Since yesterday, there is no turning back. Pedro Sánchez took a leap forward with the explicit defense, before the PSOE, of the amnesty for those prosecuted for the Catalan independence process. The agreement with Junts is on track. Not closed, since some differences persist, but neither of the two parties is now in a position to stand. The journey made is greater than the distance that separates them from an agreement that the president of the Government still in office intends to be the closure of the crisis that occurred in 2017 between Catalans and with the rest of Spain.

The amnesty law is drafted. The axis of the negotiation has turned on his statement of reasons. At first Junts insisted on the story about the validity of 1-O that the socialists tried to modulate with a weighty argument: the norm will need the approval of the Constitutional Court. The PSOE did not even share with Junts the consideration of 1-O as a referendum. The text will be descriptive of what happened, that is, that there was a consultation declared illegal by the Constitutional Court.

ERC’s latest foray into that debate has not had much progress. Republicans warned last Thursday that they would reject a law that would consider 1-O as a crime. The negotiators of the PSOE and Junts do not need to get into that garden in the preamble that justifies the norm, but in its articles the list of crimes of the accused must appear so that they can benefit from the amnesty. In fact, it is obvious that if there is an amnesty it is because crimes have been committed in the eyes of justice.

The PSOE has put all its focus on the law being constitutional, since it would be a very hard blow if the high court annulled it after the political wear and tear that its approval could mean for the party.
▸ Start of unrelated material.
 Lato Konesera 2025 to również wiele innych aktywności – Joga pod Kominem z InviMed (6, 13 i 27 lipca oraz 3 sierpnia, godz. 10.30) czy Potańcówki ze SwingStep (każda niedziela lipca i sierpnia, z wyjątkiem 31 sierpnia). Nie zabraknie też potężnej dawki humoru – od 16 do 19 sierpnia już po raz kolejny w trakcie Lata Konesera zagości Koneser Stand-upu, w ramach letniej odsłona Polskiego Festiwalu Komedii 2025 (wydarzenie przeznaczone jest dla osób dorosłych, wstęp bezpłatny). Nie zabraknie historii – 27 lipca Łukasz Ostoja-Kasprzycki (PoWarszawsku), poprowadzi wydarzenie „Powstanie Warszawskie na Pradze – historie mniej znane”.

It will be the socialists and, in particular, Sánchez, who will focus on explaining the law. This has been agreed with Junts. In fact, the leader of the PSOE already began that task yesterday before the Federal Committee of his party. In the coming days the rapprochement will be staged – it has not yet been decided but a meeting between Carles Puigdemont or some close leader with a socialist who could be Santos Cerdán is not ruled out – until the final signing.
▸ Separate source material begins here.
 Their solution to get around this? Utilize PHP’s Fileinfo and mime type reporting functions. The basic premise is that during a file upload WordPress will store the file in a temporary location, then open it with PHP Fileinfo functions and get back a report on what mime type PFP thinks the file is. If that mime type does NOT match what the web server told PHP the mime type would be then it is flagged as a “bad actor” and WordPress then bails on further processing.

The amnesty is the heart of the agreement, but the wrapping is a political pact. Perhaps it is what has consumed the most time and, in fact, it is not yet completely closed. The negotiators – few for the sake of discretion – have held arduous in-depth discussions about the Catalan conflict and its origins. On the table has been the consideration of Catalonia as a nation (which already appears in the preamble of the Statute) or the existence of a “Catalan national minority”, an initial contribution from Junts that has ultimately been rejected.

For Puigdemont’s negotiators, this national minority made it possible to consider the Catalans and, in particular, their pro-independence representatives, as a people oppressed by the Spanish State. It is one of the paths that the former president’s defense has followed before European justice, since the CJEU, when it rejected the immunity of MEP Puigdemont, opened the door to demonstrating the existence of repression of an “objectively identifiable group.” . But most of the legal references in Europe to a national minority refer to people who belong to a disseminated and retaliated people such as, for example, the gypsies. The PSOE objected that it was not viable to argue this situation in the EU when Catalans have ample self-government and resources, and their language is already spoken in the Spanish Parliament. Voices also emerged in Junts that saw it as a setback regarding the status of the nation.
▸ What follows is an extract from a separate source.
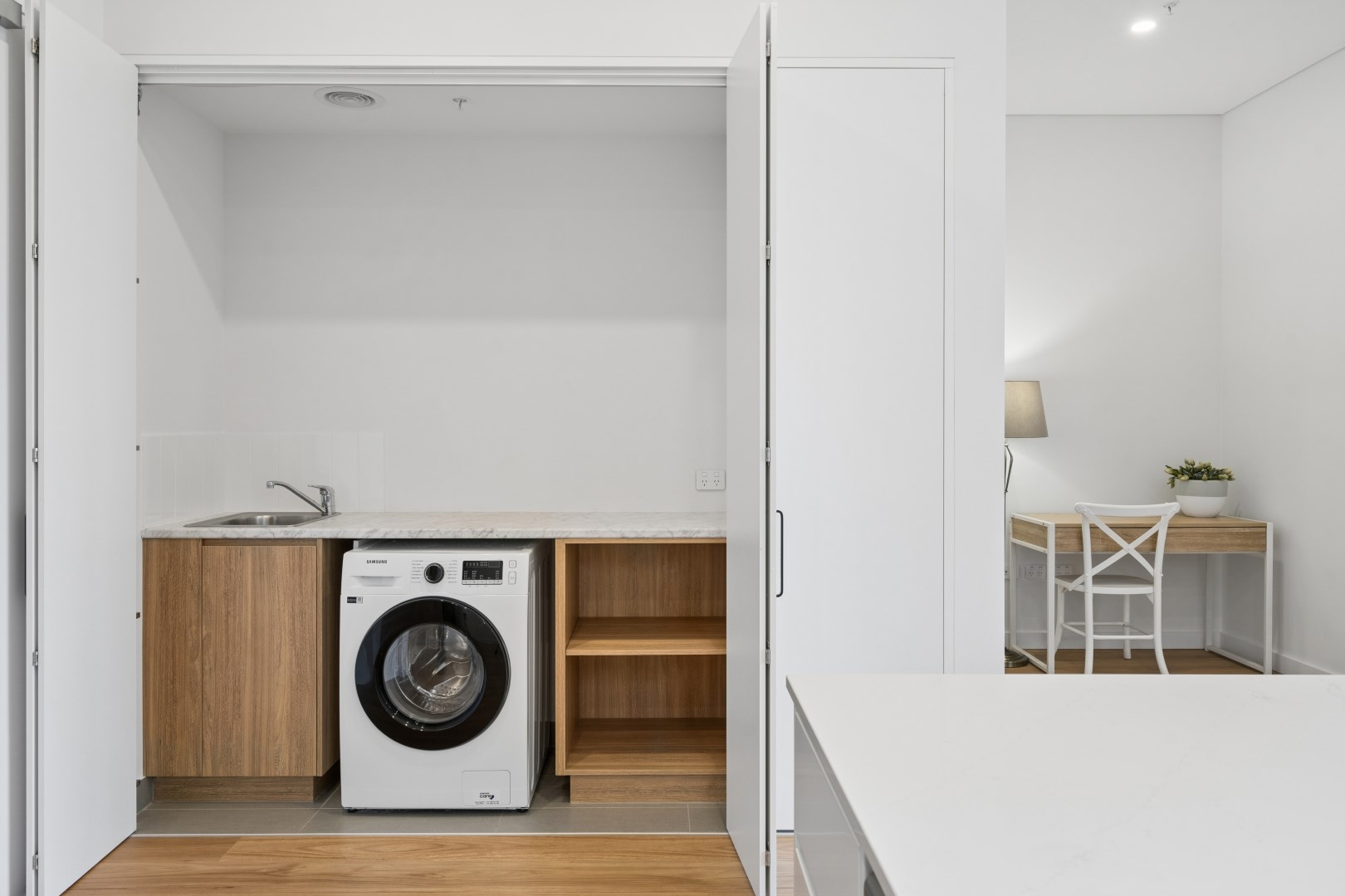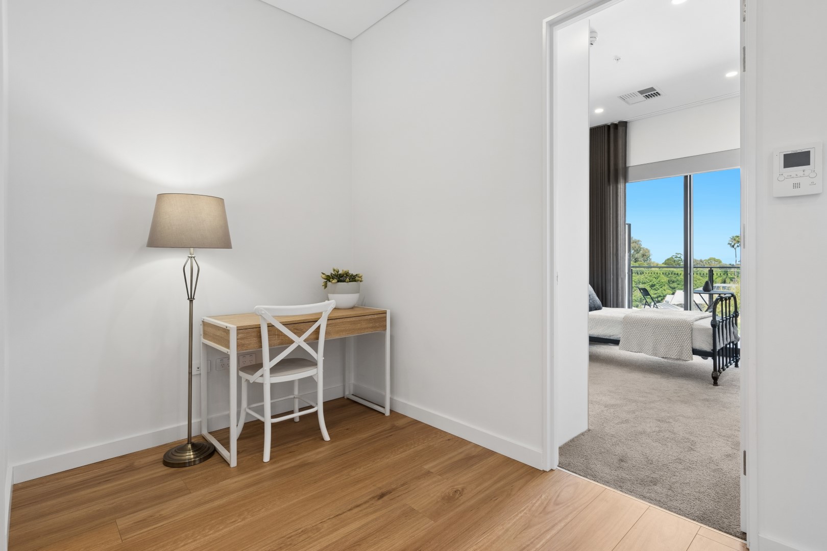 The master bedroom is thoughtfully positioned for privacy and includes a walk-in robe and a well-appointed ensuite with LED mirror vanity. The second bedroom offers built-in robe. And a dedicated study area provides flexibility for working from home or additional living space.

In the absence of knowing the details of the political agreement, it is likely that it will include references to the origins of the Catalan conflict and the need to resolve it through democratic means starting from this legislature. And there arises an obstacle that still resists negotiators: the mediator. The PSOE accepts that there is a verification mechanism, but Puigdemont demands an international figure. Names from the Church have been put on the table, but the socialists have rejected them. Mediation is in the air. For the former president, an international rapporteur is essential, since he marks one of the key differences with the negotiation table between the central and Catalan governments led by ERC. It is also one of the elements that allows Puigdemont to defend the pact before his own people.

There is a lot of talk about the electoral effects that the amnesty may have for the PSOE, but Puigdemont is also concerned about the reaction among pro-independence voters who consider that what was agreed does not live up to the promises of years, based on the rhetoric of the endurance.

Now that the agreement with Junts is already defined on the horizon of the investiture, the PSOE has begun to negotiate with ERC and the PNV to face the final stretch more than three months after the elections. Sánchez will thus begin a new legislature in which he must deploy an enormous capacity for dialogue with a myriad of forces that only have in common the fight against the idea of ??a central and centralist Spain. Yesterday, all socialist delegates applauded Sánchez, except those from Castilla-La Mancha.